Article by PBI-Canada

A still from this 8-minute video of David Boyd’s speech (in Spanish).

On January 29, El Tiempo reported: “United Nations special rapporteur on human rights and the environment, David Boyd, mentioned that the Colombian government ‘must pass a law to prohibit fracking’.”

“In light of its obligations under constitutional, international, human rights and environmental law, fossil fuels must be replaced by renewable energies. I respectfully maintain that the government of Colombia must pass a law to prohibit fracking’, he pointed out.”

“In his speech [to a House of Representatives public hearing convened on a bill that seeks to prohibit fracking] he assured that Colombia is a party to the United Nations Framework Convention on climate change and the Paris Agreement.”

“Two agreements in which the countries commit to reduce their greenhouse gas emissions and move towards clean economies, something that would go against the grain if the country developed this hydraulic fracturing technique to extract gas and oil.”

The article also notes: “[Boyd] mentioned that Costa Rica, Uruguay, France have already enacted laws prohibiting fracking. In the case of Colombia, he recommended that a low-carbon and climate-resistant future should be urgently sought.”

Boyd’s speech was also reported on in Semana and Caracol Radio.

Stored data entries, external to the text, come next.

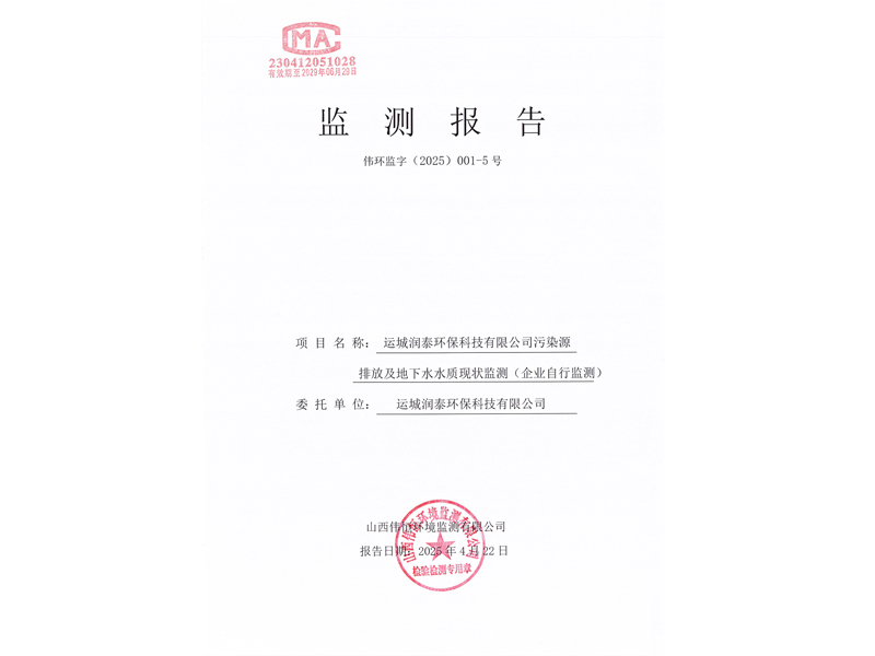 2025年潤(rùn)泰環(huán)保四月份自行監(jiān)測(cè)報(bào)告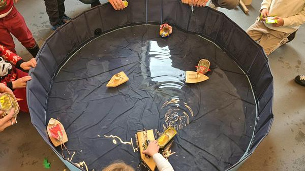 Wir bauten ein Boot mit einem Wasserrimpulsantrieb. Es konnten unterschiedliche Antriebe getestet werden und das Boot sollte kreativ gestaltet werden.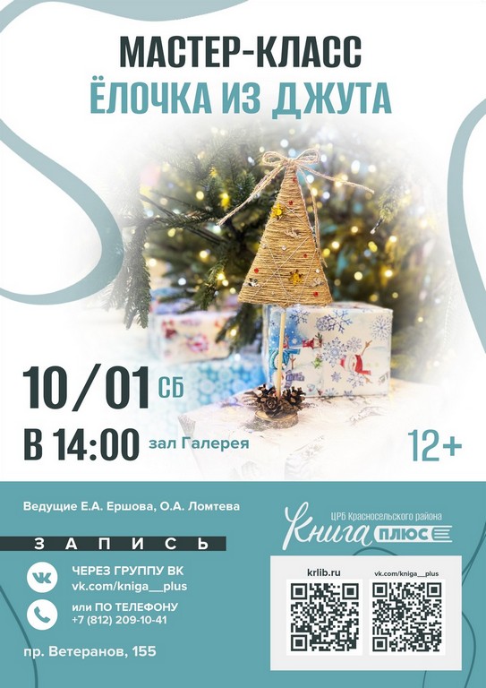 10 января (сб.) в 14:00 – мастер-класс «Ёлочка из джута». Ведущие Е.А. Ершова, О.А. Ломтева. Зал «Галерея» (12+)

The first licence for a fracking pilot project was awarded by the National Hydrocarbons Agency (ANH) on November 25, 2020 to the Colombian state-owned oil company Ecopetrol for its Kalé project near Puerto Wilches, Santander.

On January 27, the Colombian Minister of Mines and Energy, Diego Mesa, said that two more contracts for fracking pilot projects will be signed in the coming weeks.

One of those contracts could go to ExxonMobil in partnership with Toronto-based Sintana Energy Inc. (and its Colombian subsidiary Patriot Energy) that would likely involve the VMM-37 block in Puerto Wilches, Santander.

Oilprice.com recently reported: “The commercial development of fracking has the potential to be a game-changer for the Andean country’s oil industry because national oil company Ecopetrol estimates that Colombia possesses up to 12 billion barrels of recoverable shale oil and 100 trillion cubic feet of natural gas resources.”

In contrast, environmentalists have called for a global ban on fracking given it “torpedoes our global efforts to tackle climate change and violates basic human rights.”

Boyd was appointed as the UN Special Rapporteur on human rights and the environment for a three-year term commencing August 1, 2018. He is an associate professor of law, policy, and sustainability at the University of British Columbia.

PBI continues to follow this issue and to provide accompaniment to human rights defenders who oppose fracking in Colombia.